The problem is: I'm studying a factory that produces things. It runs continuously throughout the week, but on weekends it shuts down. Before the end of the week, and at the start of a new one, the factory behaves differently, which interferes with the analysis that I'm doing, and so I want to filter out a time window around these weekends.

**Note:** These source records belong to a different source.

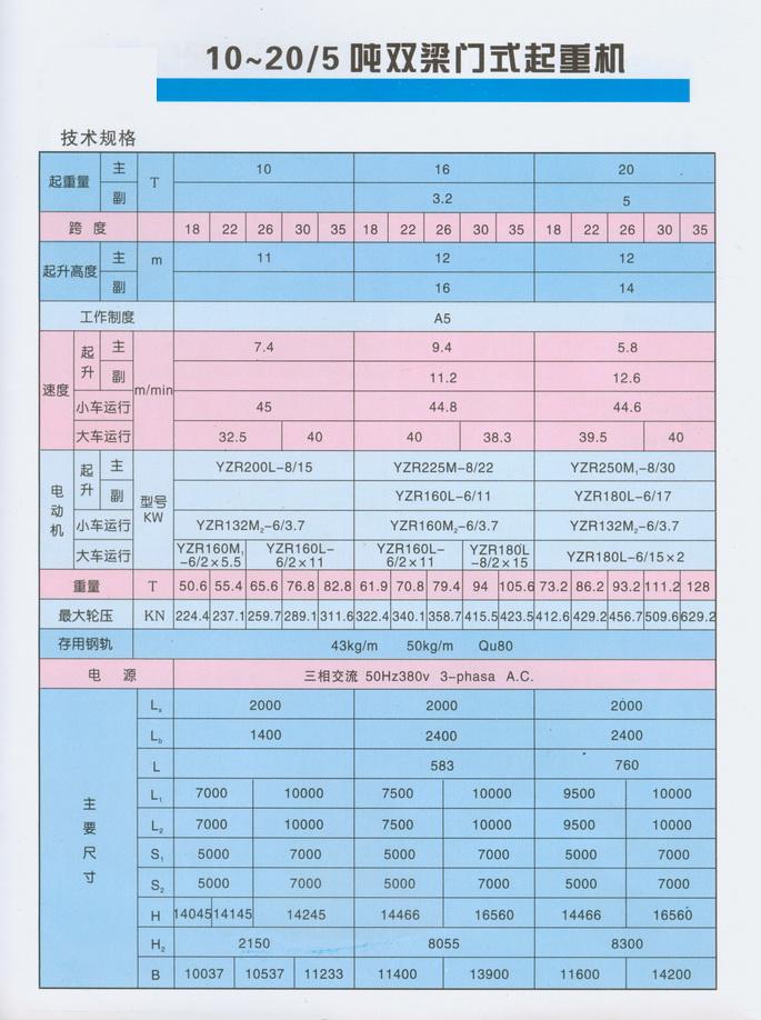 3、起重機(jī)導(dǎo)電形式分為電纜和滑線兩種,用戶可任選一種,圖表中數(shù)據(jù)以滑線為準(zhǔn)。
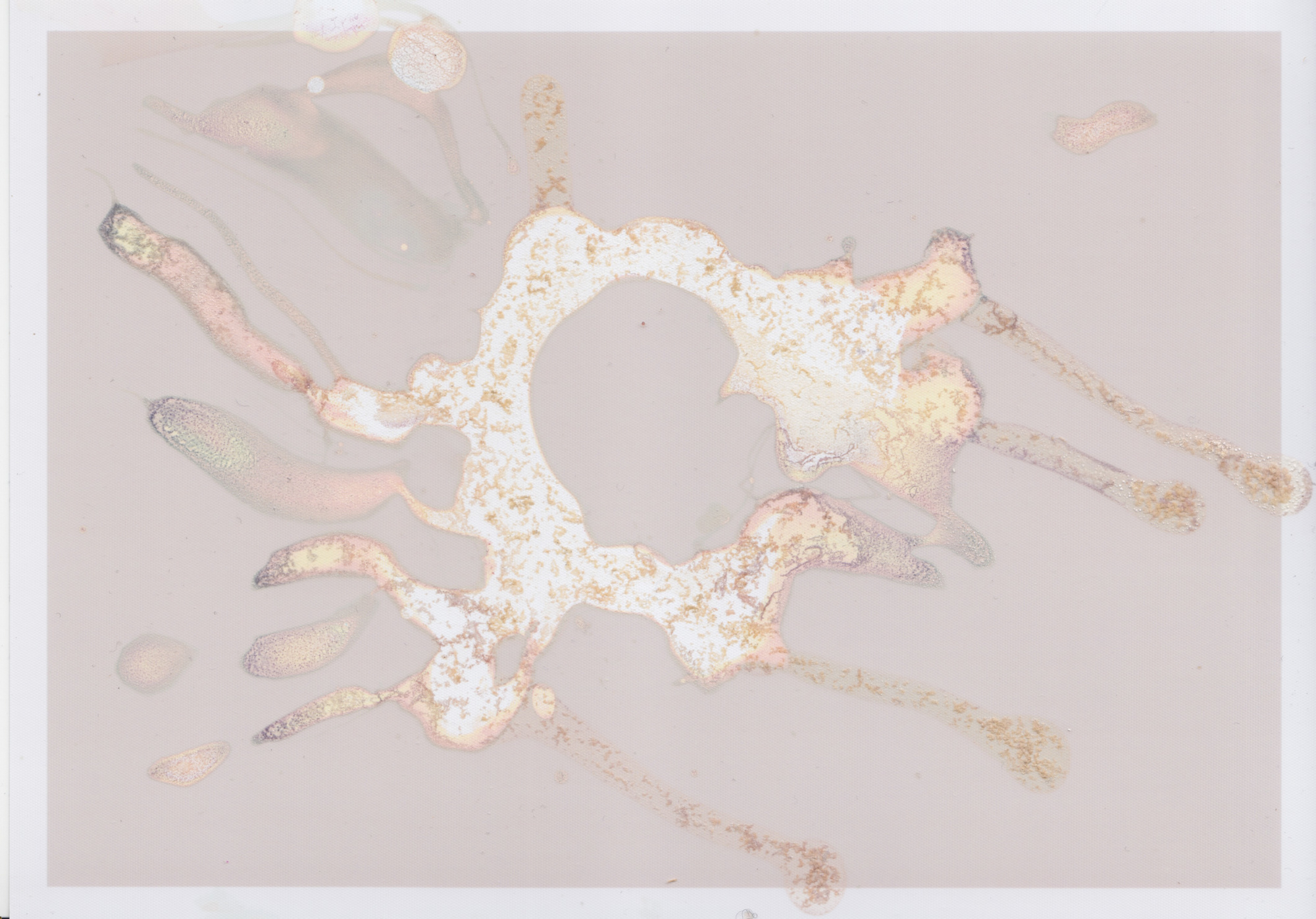 Deep Surface is a continuing philosophical enquiry into skin – its physical and particular qualities and its cultural signification. Skin holds a wealth of information and performs a physical balancing act. In this sense the surface holds depth. The photographs are the nearest Pantone colour to my skin tone. A household chemical is applied to the surface, gradually the corrosion reveals the complex and ‘acting out’ layers. The Deep Surface series have a light grey passepartout and a silver aluminium frame with anti reflection and UV protection glass.
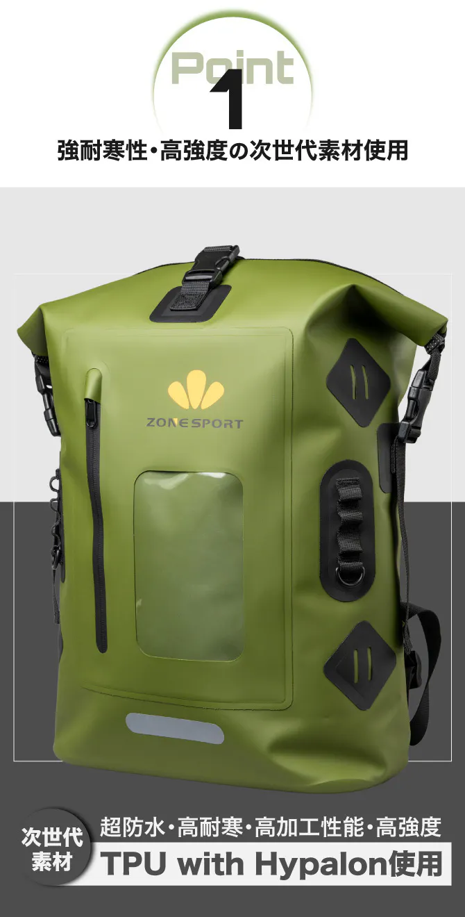 TPU with Hypalonは耐寒性も高く、PVC素材は寒冷地ではバッグ素材が硬くなり使いづらかったですがこのTPUハイパロン素材は全く硬くならず扱いもスムーズで快適です。
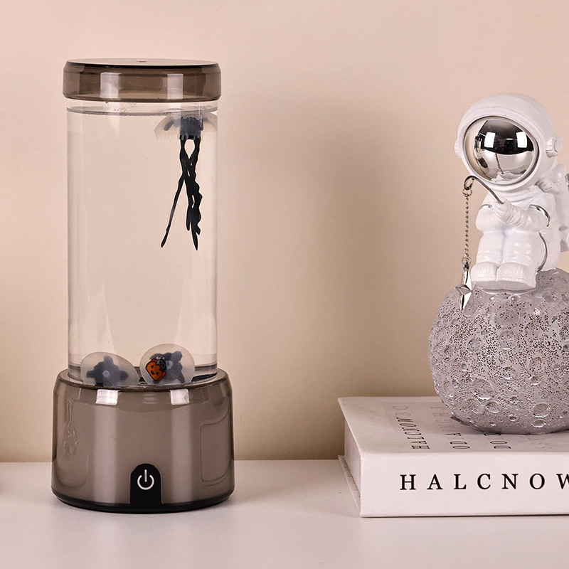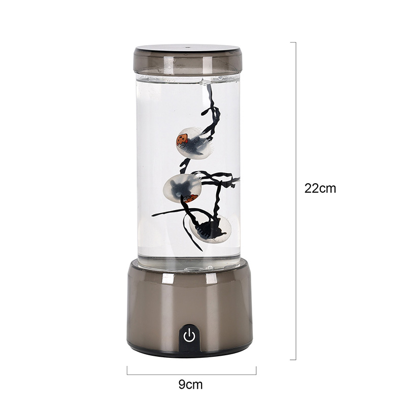 Bitte fügen Sie zuerst Wasser hinzu und geben Sie dann 3–5 ml Spülmittel in den Tank, damit sich die Quallen reibungslos bewegen können. (Bitte nicht die gelöste Seife hinzufügen)
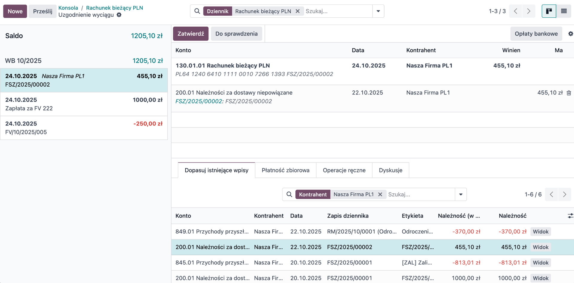 Po kliknięciu danej pozycji na liście w zakładce Dopasuj istniejące wpisy Odoo wyświetla wszystkie dostępne zapisy księgowe, które mogą odpowiadać tej transakcji. System automatycznie sugeruje wpis najlepiej pasujący, biorąc pod uwagę m.in. kwotę, etykietę i kontrahenta. Użytkownik może następnie zatwierdzić proponowane dopasowanie lub wybrać odpowiedni wpis ręcznie. Po zatwierdzeniu uzgodnienia przy transakcji pojawi się zielony symbol dopasowania.

I have a large dataframe, call it df, whose rows are the articles produced and the columns are their various attributes, one of which is the time at which it was produced, df['timeProduced']. These articles are produced at irregularly-spaced points in time.I want to discard the rows in the table whose timeProduced entry was near one of these shutdown periods. The actual data is confidential, but it looks similar to this:

index partId colour timeProduced \ ...
1 '026531|352' Red 2017年02月01日 00:00:02 
2 '026531|353' Blue 2017年02月01日 00:00:03 
3 '026531|354' Blue 2017年02月01日 00:00:05 
4 '026531|355' Green 2017年02月01日 00:00:09

This takes tens of minutes to crunch through a million entries. I know it's slow because it isn't at all vectorized, but I'm not sure how to do a pure vectorized numpy/pandas implementation. Any ideas?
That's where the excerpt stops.